Deux perspectives saisissantes et inversées représentent, à plus de quatre cents ans d'écart, deux visions a priori profondément différentes du Christ mais qui ont en point commun leur réelle singularité.
Celle, bouleversante, d'Andrea Mantegna (Le Christ mort, peint dans les années 1480), tableau a tempera, représentant le Christ mort allongé selon un angle de vue particulièrement audacieux pour l'époque, et l'autre, presque cosmique, de Salvador Dali (le Christ de Saint-Jean de la Croix, 1951).

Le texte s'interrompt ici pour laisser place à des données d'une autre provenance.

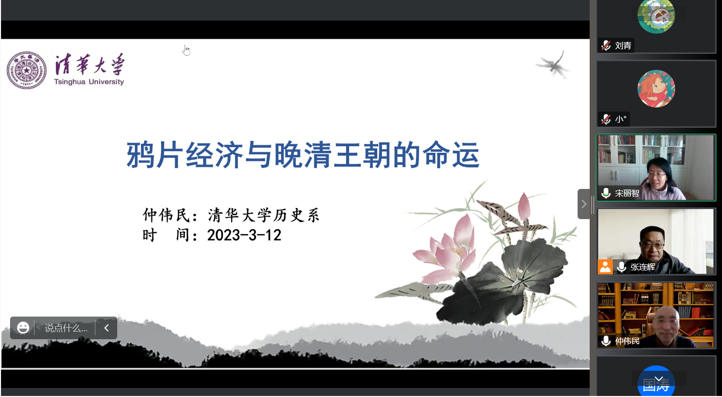 (通讯员 刘青)3月14日上午,清华大学仲伟民教授应我院邀请,做了一场题为“鸦片经济与晚清王朝的命运”的线上讲座。讲座由经济学院副院长宋丽智教授主持。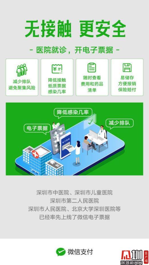 見圳客戶端·深圳新聞網2020年2月24日訊(見圳客戶端、深圳新聞網記者 陳婕)減少接觸是對抗擊疫情的最大支持。日前,微信聯合博思軟件在深圳市中醫(yī)院、深圳市兒童醫(yī)院、深圳市第二人民醫(yī)院、深圳市人民醫(yī)院、北京大學深圳醫(yī)院等醫(yī)院首期上線了醫(yī)療電子票據,為患者提供“就診繳費后通過微信領取電子票據”的服務,減少接觸人群聚集及紙質票據交叉感染的風險。

Dans un cas, Mantegna nous révèle un Christ dont la chair livide se confond avec la couleur grisâtre du drapé. Le rendu typiquement sculptural du peintre (les plis du drap semblent, à l'instar de certains peintres flamands, comme sculptés dans la pierre) y est sublimé. En même temps, Mantegna fait preuve d'un hyperréalisme dans le rendu des plaies du Christ qui, quelque part, nous dérange car il nous ramène à la réalité de ses souffrances atroces. Cette vue en contreplongée, très serrée, nous rapproche du fils de Dieu.
Dans le cas de Dali, la perspective est toute autre. Cette perspective irréelle, nous suggère presque la vue que pourrait avoir Dieu le père de son fils sur la croix. Cette fois, dans la logique du surréalisme, l'espace est déstructuré. Entrer profondément dans cette toile fait perdre tout repère. Il ressort alors de cette composition une force exceptionnelle, rappelant l'angoissant vide cosmique d'un univers infini.
A noter en ce moment, la très belle exposition Mantegna au Musée du Louvre jusqu'au 5 janvier 2009.